◆ Required action:
Each line starting at the one that contains "2. 北豆腐定型好,口感結(jié)實(shí),中小火煎至四周金黃,不易碎;" and ending at the one that contains "Rør sammen ingrediensene" must be returned exactly, and the rest of the listing is left out.

◆ Input material:
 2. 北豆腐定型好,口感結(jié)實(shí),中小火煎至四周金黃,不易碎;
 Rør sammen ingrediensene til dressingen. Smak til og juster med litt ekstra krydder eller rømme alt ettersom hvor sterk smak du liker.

==

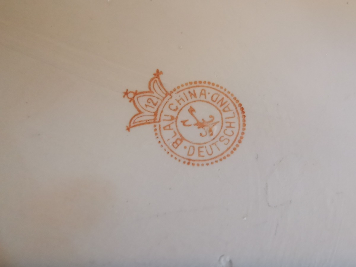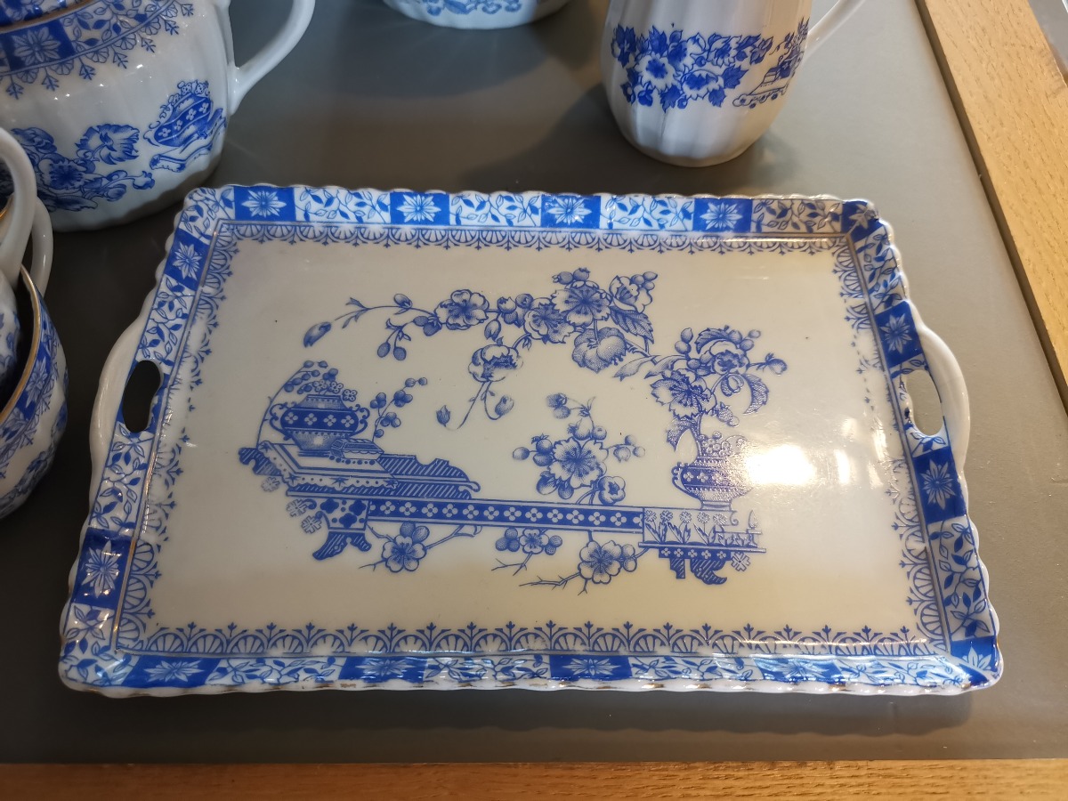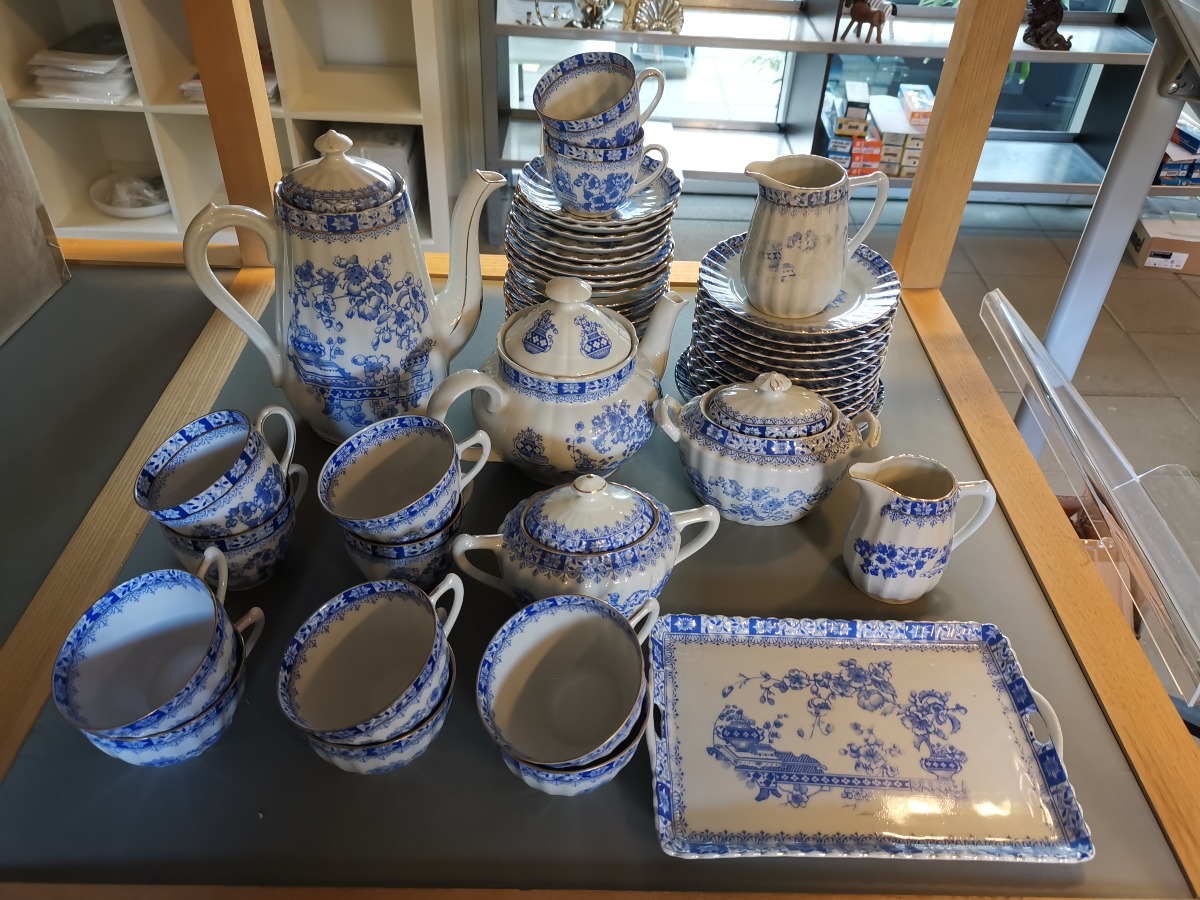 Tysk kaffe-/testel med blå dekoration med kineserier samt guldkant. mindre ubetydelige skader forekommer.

◆ Result:
 2. 北豆腐定型好,口感結(jié)實(shí),中小火煎至四周金黃,不易碎;
 Rør sammen ingrediensene til dressingen. Smak til og juster med litt ekstra krydder eller rømme alt ettersom hvor sterk smak du liker.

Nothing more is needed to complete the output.